Articles : Treating Hypertension: Anger - the Missing Ingredient

By: Dr. Satya Bellerose

By now, the risks of hypertension to our health (stroke, heart disease, kidney disease, erectile problems, etc.) are well known. Doctors routinely monitor the risk factors for hypertension and encourage us to decrease salt intake, eat a healthy diet, exercise regularly, keep alcohol consumption low, refrain from smoking, lose weight if needed and reduce our stress. However, one of the biggest risk factors for hypertension and heart disease rarely gets attention despite excellent research dating over several decades that demonstrate its role. The missing ingredient is anger which can be expressed as hostility (an enduring disposition or state) or aggression (either expressed or inhibited).

Early research (1950s) on anger's role in heart disease demonstrated that Type A personalities (time-pressured, competitive, aggressive) had much more heart disease than Type B's (patient, relaxed, easy-going).
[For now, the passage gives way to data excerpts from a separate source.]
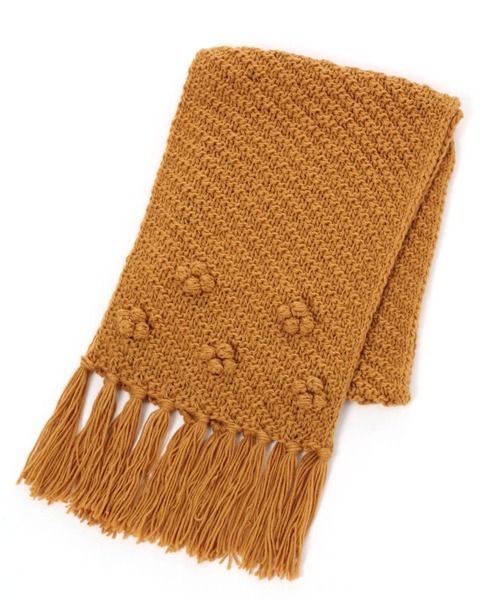 ーーーお花のような毛糸のぽんぽんがかわいいニットマフラー。網目がぽこぽこと立体感があり、冬のコーデのアクセントに♪クラフト感のあるナチュラルなデザインなので、幅広いコーデに合わせやすく、くるっと巻くだけで首元をしっかりと暖めてくれます◎ちょっとしたギフトにもおすすめのアイテム。ーーー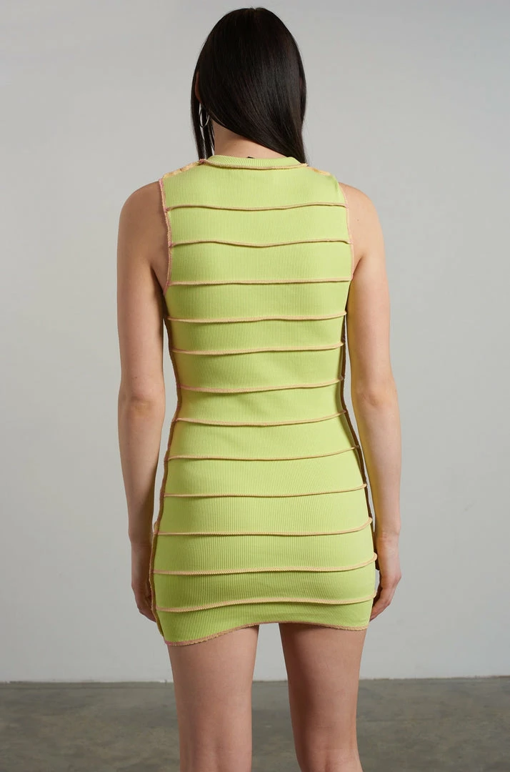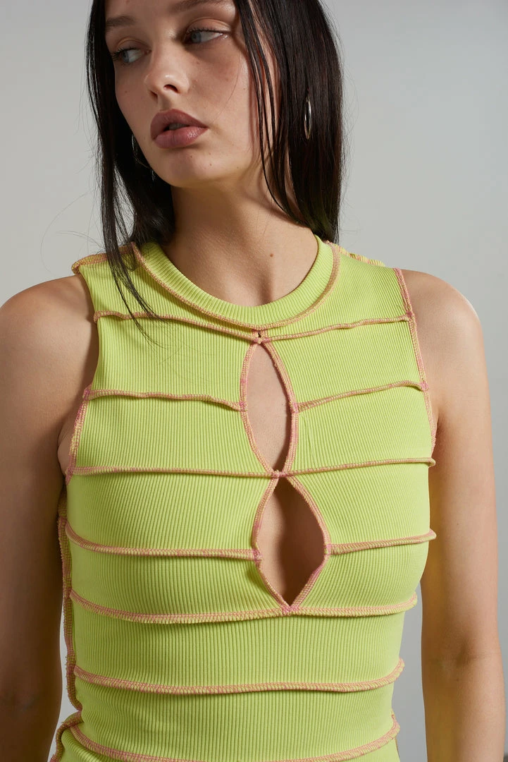 The Ragged Priest sleeveless mini dress with cut out detail and exposed overlock panelling.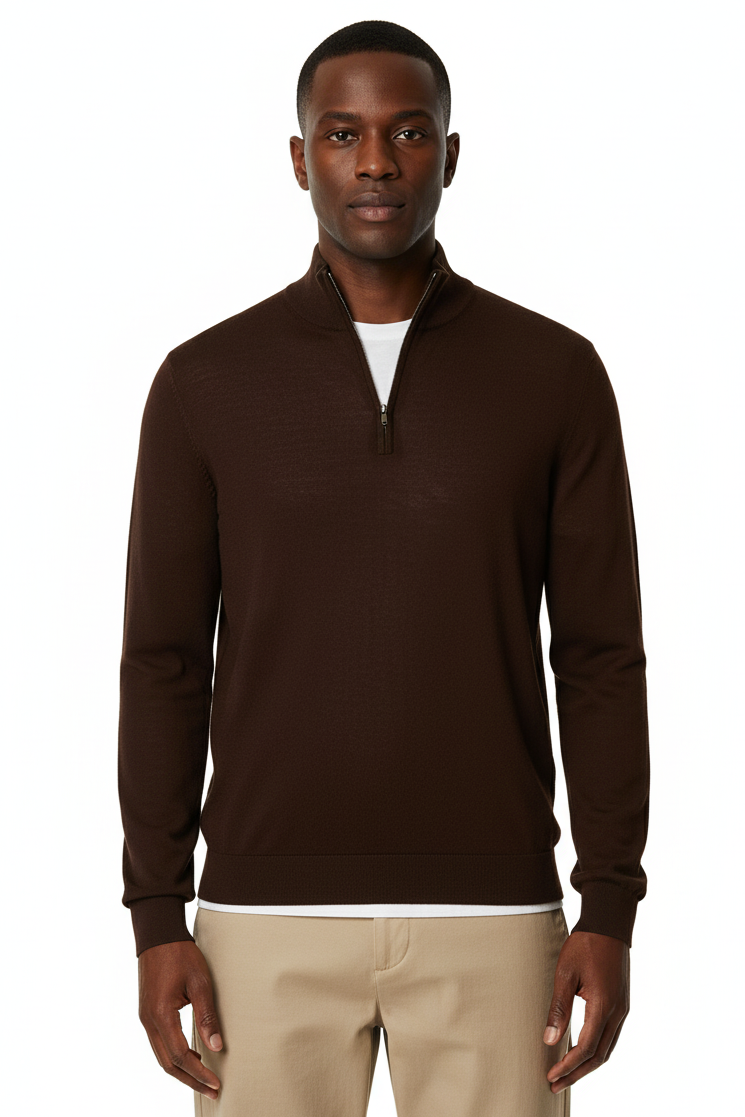 Tray LS Merino Knit Half Zip Demitasse
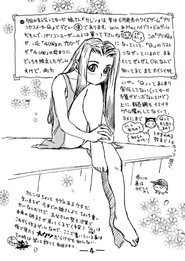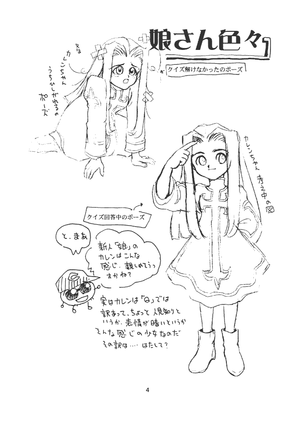 Additional designs of Karen were provided in the following month's doujin pamphlet on June 27th, given the overlong title of 『プリンセスメーカー 4 娘さん、デザイン中 ●カレンちゃん写真集 スタンバイ中だ号』.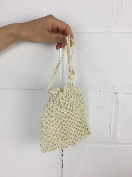 Antique Edwardian 1900s White Cotton Crochet Evening Bag/ Drawstring Pouch Purse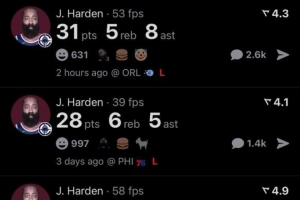 過去四場比賽,哈登都砍下了25+5+5的數據,據數據媒體Real Sports,36歲87天的哈登是達成這一成就的最老后衛(wèi)。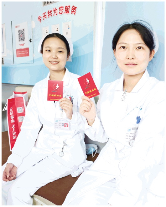 8月19日是第八个中国医师节,节日主题是“德馨于行 技精于勤”。8月16日、17日,潍坊市人民医院组织医务人员开展了一场无偿献血活动。平日里手持手术刀、听诊器的“白衣天使”,纷纷撸起袖子化身“热血守护者”,用汩汩热血诠释“医者仁心”。在为期两天的献血活动中,共有354位医务人员奉献热血。图为护士刘文静(右)、王海霞展示无偿献血证。 本报记者 王路欣 通讯员 刘玉华
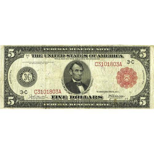 <B>Fr. 834b $5 1914 Red Seal Federal Reserve Note Fine.</B></I> This average circulated note remains bright with healthy edges and paper for the grade.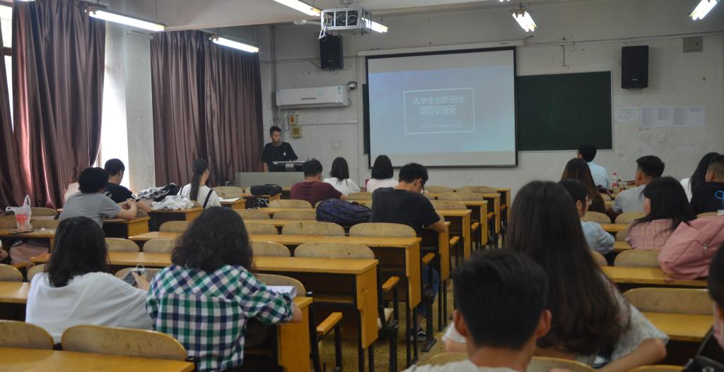 6月11日下午,第22期文化旅游学术沙龙在综合楼217举行。本期活动主题为大学生创新创业项目申报与结项经验交流会。活动由2016级旅游管理专业何凌峰同学主持,邀请了张野老师和六组大学生创新创业项目(以下简称“大创项目”)的团队代表,与16、17级的到场同学分享了关于大创项目申报和结项的相关经验。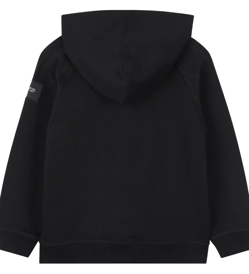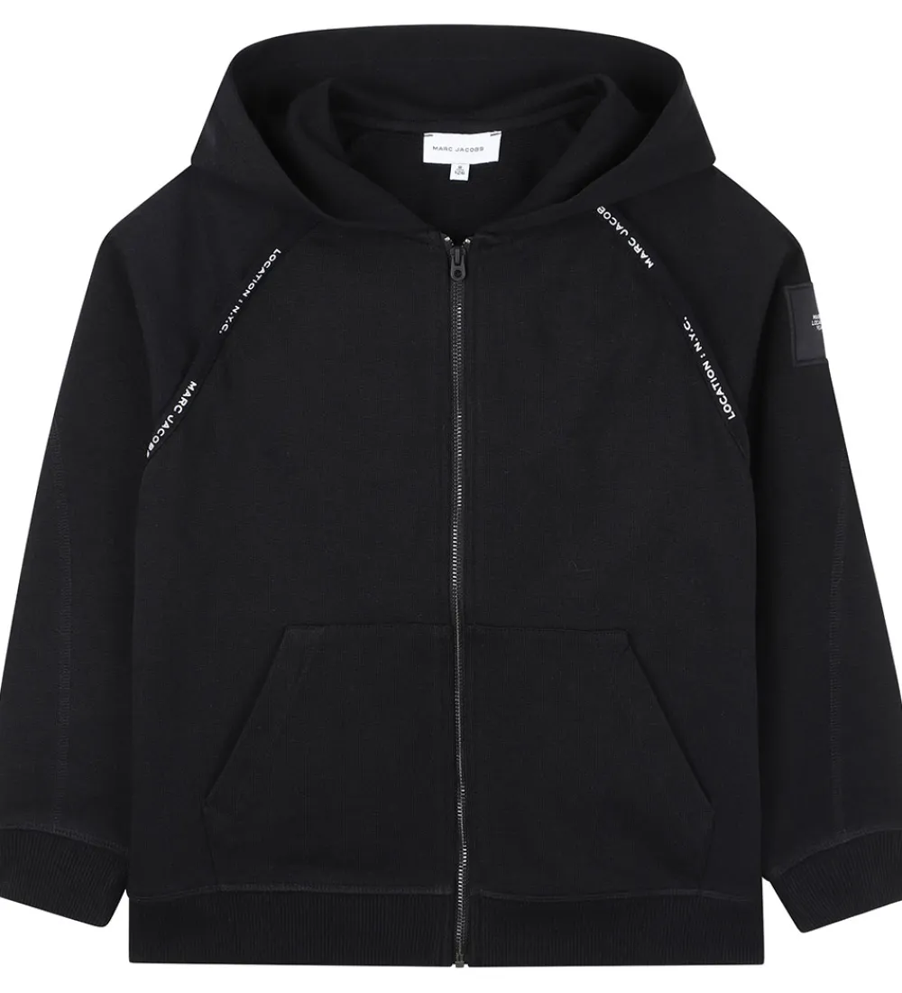 Stilfuld Little Marc Jacobs cardigan i sort sweat, og foran skuldrene er der hvide logostriber. Little Marc Jacobs cardiganen har en hætte med bomuldsfor, og den har brede ribkanter. Cardiganen åbnes med en lynlås, og fortil sidder der store, praktiske lommer.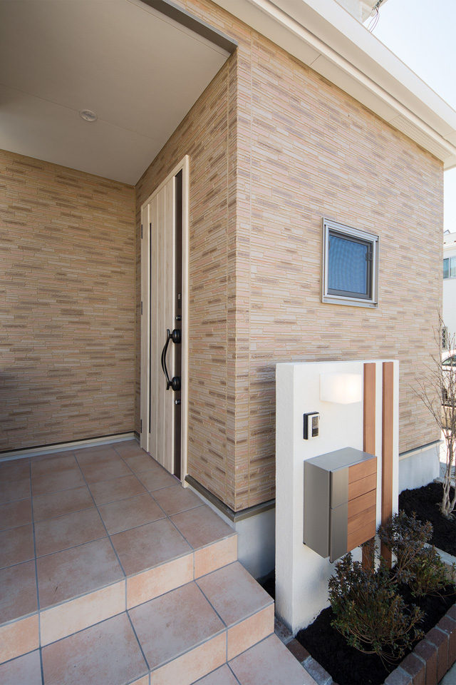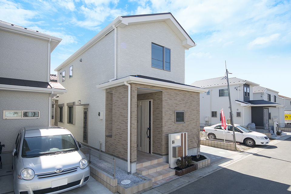 白を基調とした外観。ブラウンのアクセントがナチュラルな雰囲気をプラス。 あたたかみを感じるファサードデザインに仕上がりました。

Subsequent research clearly showed that the toxic core was hostility and aggression, not the other elements of the Type A behavior. This anger can be shown in many ways ranging from a cynical attitude, to lashing out verbally or physically.

Lifestyle modification is the recommended treatment for mild hypertension. Medication and lifestyle modification are needed for moderate or severe hypertension. If your family views you as an angry person, or if you find yourself frequently irritated, fuming or lashing out at others, you are a candidate for heart disease and hypertension.

Therapy for hypertension includes several components: relaxation and biofeedback to bring the nervous system into a more balanced state; cognitive behavior therapy and anger management to learn new ways to handle emotions and if trauma is present, EMDR or other techniques to resolve distress. Research demonstrated that therapy is very effective.

Case Studies:

Susan, a young woman in her 30's sought therapy for mild (grade 1) hypertension. Mild hypertension means the systolic pressure varies between 140-159 and/or diastolic pressure between 90-99. She had followed all the doctor's recommendations. She had decreased salt, improved her diet, exercised, and reduced her stress. In fact she had gotten into such good shape that she had run a marathon. However, she still had mild hypertension and did not want to take medication. When I asked her about anger, she said that she never got angry. When I asked her what happened when a driver cut her off in traffic, she replied that she cursed them vehemently in her head. An anger log kept over the next week revealed many incidents where she felt angry and frustrated. A brief therapy that included biofeedback, and anger management returned her blood pressure back to the normal range.

Ernie, a middle aged successful businessman, also sought therapy for hypertension because he did not wish to take medication which caused unpleasant side effects. However, he had severe hypertension (systolic 180+, diastolic 110+) which was only partially controlled by medication. While therapy can help reduce hypertension, it would not be a reasonable goal to expect to discontinue medication with severe hypertension. Ernie was already in good shape, attentive to his diet, exercised regularly and had never smoked. He was also very angry. He had multiple episodes of severe trauma in his life. Therapy began with biofeedback and stress management and then continued with traditional psychotherapy for trauma. Over a three year period, he made significant lifestyle changes, he began communicating his needs better, prioritizing his work responsibilities, he had a daily meditation practice and he resolved things that previously distressed him. At follow-up, Ernie reported that he was off all hypertensive medication and his blood pressure was in the normal/high normal range. This was an unusually good outcome, but Ernie was also a very determined person.

These cases demonstrate why managing anger effectively is important in controlling hypertension. Therapy for anger management should be a routine part of treatment of hypertension.